If you want to fast-track your pricing skills and avoid these mistakes, my case interview course walks you through proven strategies for every case type in as little as 7 days.

 

Pricing case interviews reward candidates who triangulate with cost, value, and competition, then commit to one specific number. Drill the framework on full case interview examples until the 7 steps feel automatic, because that repetition is what turns this structure into an offer.

 

Frequently Asked Questions

 

How common are pricing case interviews at consulting firms?

 

Pricing cases are one of the most frequently tested case types at McKinsey, BCG, Bain, and other consulting firms. In my 10+ years interviewing and coaching candidates, pricing was among the cases I gave most often at Bain because it tests math, strategy, and judgment at the same time.

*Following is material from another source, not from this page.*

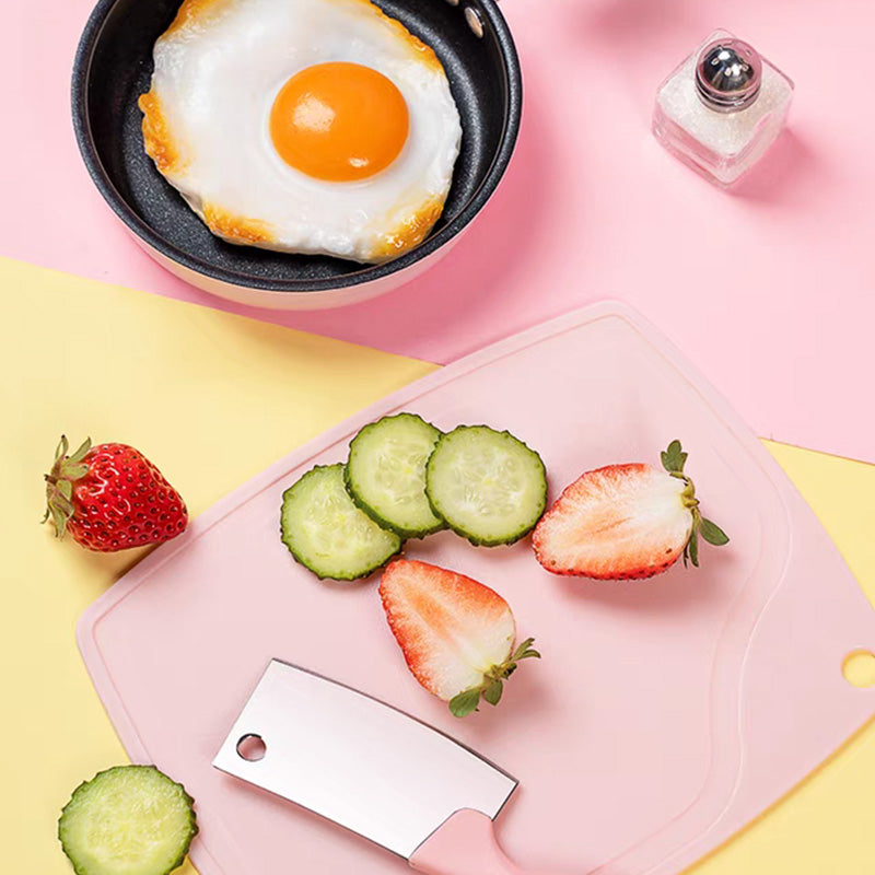 COMPLETE CHILDREN'S KITCHEN SET - There are a total of 18 items in the set, including 1 induction cooker, 1 frying pan, 1 spatula, a pair of chopsticks, a knife, a pair of tongs, 6 molds, a cutting board, a bowl, and a dumpling maker. It also includes an apron, a sleeve cover, and a cleaning sponge. The set is comprehensive and provides a strong sense of experience.

Expect to face at least one pricing case or pricing component across your interview rounds.

 

What is the difference between a pricing case and a profitability case?

 

A pricing case asks you to set or evaluate a price. A profitability case asks you to diagnose why profits are declining and recommend fixes. The two overlap because a profitability problem might be caused by underpricing, and a pricing case always requires you to confirm the price covers costs.

 

How do you estimate willingness to pay in a case interview?

 

List every tangible and intangible benefit the product provides to the customer. Assign a reasonable dollar value to each benefit based on what the customer would pay for that benefit separately. The sum of these values is the customer's maximum willingness to pay. State your assumptions clearly because the interviewer cares more about your reasoning than the exact number.

 

Should you always use all three pricing strategies?

 

In most cases, yes. Cost-based pricing gives you a floor, value-based pricing gives you a ceiling, and competition-based pricing positions your price within that range. If one strategy does not apply, such as competition-based pricing for a product with no direct competitors, acknowledge that explicitly and focus on the strategies that are most relevant.

 

How long does a pricing case interview take?

 

A full pricing case typically takes 25 to 35 minutes. Spend about 2 minutes on clarifying questions, 3 minutes structuring your framework, 15 to 20 minutes on analysis and calculations, and 3 to 5 minutes delivering your recommendation.

 

What is price elasticity in a pricing case interview?

 

Price elasticity measures how much customer demand changes when price changes, calculated as the percentage change in volume divided by the percentage change in price. If demand falls less than 1% for every 1% price increase, demand is inelastic and a price increase usually grows revenue. Pricing cases that evaluate a proposed price change almost always hinge on this concept.